If there’s one thing worse than sitting through Saturday-morning services, it’s sitting through them with Mrs. Fine. I don’t mean that in a bad way. She’s my favorite of my friends’ moms, and I’d say that even if she weren’t so generous with Mallomars. Plus, I know the Jewish stuff gets to her on account of what happened during World War II. But that’s why sitting with her is so awkward. It’s like sitting next to a bag of cats, the way she yowls and moans the Hebrew words, the way she hunches up her shoulders and shakes, the way she rocks back and forth with her eyes closed, the way she sobs to herself, and meanwhile you’re right there next to her, faking like you know what’s going on, feeling people’s eyes on you, wanting to pat her on the back and tell her it’s going to be all right, that the service is going to be over in another hour … except you know, because of how worked up she gets, she wouldn’t hear you regardless.
So, yeah, sitting next to Mrs. Fine in temple is real awkward. On the other hand, it does make you think deep. It makes you think about what happened to her, and it makes you realize how good you’ve got it. It’s the same thing, in a way, with Quentin’s tumor. It makes you feel guilty, almost, on account of he’s sick and you’re not. It’s like—I don’t even know how to explain it. It just hits you. Like you’re running down the block, running to get home for dinner, and the wind is whistling in your ears, and you’re taking deep breaths, and the air just comes and goes like it’s nothing, and then, out of no
where, you remember Quentin is stuck in that hospital bed, with those tubes going in and out of him, and it just doesn’t seem fair.
You think about stuff like that, sitting in temple next to Mrs. Fine, because you can’t not think about it. It seems like the natural thing to do. So I figured as long as I was there, I might as well get into the spirit of the thing and pray a little. I said a quick prayer, which I felt bad about afterward, because, looking back, it’s not the nicest prayer. But here’s what I prayed: I prayed that when Quentin got out of the hospital, he wouldn’t get all religious like Mrs. Fine.

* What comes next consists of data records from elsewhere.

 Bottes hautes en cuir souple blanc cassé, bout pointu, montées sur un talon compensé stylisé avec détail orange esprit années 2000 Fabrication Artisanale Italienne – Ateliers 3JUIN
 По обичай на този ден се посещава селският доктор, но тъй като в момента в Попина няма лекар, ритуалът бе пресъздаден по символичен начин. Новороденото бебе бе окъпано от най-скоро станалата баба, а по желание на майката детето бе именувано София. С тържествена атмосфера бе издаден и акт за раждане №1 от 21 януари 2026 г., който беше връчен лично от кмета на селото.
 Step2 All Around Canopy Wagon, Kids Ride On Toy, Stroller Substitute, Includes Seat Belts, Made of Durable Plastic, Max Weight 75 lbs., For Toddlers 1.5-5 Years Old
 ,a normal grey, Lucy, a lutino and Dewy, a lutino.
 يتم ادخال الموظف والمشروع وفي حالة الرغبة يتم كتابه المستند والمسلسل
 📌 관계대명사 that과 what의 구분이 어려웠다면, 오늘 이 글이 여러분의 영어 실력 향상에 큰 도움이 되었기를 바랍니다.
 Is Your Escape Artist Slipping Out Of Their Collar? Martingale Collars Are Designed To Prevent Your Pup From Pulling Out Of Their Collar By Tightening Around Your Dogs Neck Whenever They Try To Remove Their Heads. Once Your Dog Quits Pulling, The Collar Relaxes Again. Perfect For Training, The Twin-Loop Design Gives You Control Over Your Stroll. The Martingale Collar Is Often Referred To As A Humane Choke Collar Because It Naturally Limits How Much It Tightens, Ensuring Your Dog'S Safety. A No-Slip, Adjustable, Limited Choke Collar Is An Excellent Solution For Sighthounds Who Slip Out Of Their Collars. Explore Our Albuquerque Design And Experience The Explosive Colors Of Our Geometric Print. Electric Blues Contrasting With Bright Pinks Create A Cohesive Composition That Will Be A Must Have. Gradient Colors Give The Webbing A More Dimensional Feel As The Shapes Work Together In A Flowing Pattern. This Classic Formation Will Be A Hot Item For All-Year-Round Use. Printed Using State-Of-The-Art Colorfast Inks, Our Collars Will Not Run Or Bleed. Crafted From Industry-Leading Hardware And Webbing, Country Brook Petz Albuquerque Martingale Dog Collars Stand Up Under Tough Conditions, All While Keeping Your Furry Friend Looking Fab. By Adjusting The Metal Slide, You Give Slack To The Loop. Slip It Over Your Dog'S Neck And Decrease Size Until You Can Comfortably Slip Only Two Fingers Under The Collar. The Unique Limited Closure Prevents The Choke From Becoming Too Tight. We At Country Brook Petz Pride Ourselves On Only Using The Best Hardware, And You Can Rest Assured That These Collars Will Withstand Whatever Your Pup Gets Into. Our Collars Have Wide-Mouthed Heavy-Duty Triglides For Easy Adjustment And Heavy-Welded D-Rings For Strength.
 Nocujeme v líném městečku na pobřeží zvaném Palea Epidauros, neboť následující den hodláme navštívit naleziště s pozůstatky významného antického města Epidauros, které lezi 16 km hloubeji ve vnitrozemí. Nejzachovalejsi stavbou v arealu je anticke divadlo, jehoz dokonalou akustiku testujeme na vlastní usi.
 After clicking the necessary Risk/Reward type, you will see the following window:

It was maybe another ten minutes until Rabbi Salzberg said the last “amen” and the service ended. I jumped up and was about to cheese it. But then, a second later, I felt Mrs. Fine’s hand take hold of mine, and she lifted my hand to her lips and kissed it. It felt wet, the kiss, because it had tears mixed in with it. She looked down at me afterward, and her eyes were tearing up, and she said, “You’re a good boy, Julian.”
I nodded. What else could I do? But I was thinking: Tell that to Principal Salvatore.
Then she let go of me. I grabbed my overcoat and walked away, not too fast but not too slow either. The side door of the temple was open, and sunlight was pouring into the place, and I was maybe ten feet from fresh air and freedom. But at the last second, Rabbi Salzberg shuffled to the edge of the stage and called out my name: “Mr. Twerski!” He was close enough, and enough people were standing between us, that I couldn’t pretend not to hear him.
I turned and called back, “Yes, Rabbi?”
“Come here, Mr. Twerski.”
I took a couple of steps toward the stage, but then I heard my name again. It came from outside. I glanced over my shoulder, toward the side door, and was blinded by the sun. But I knew the voice. It was Lonnie’s. “Hey, Jules!”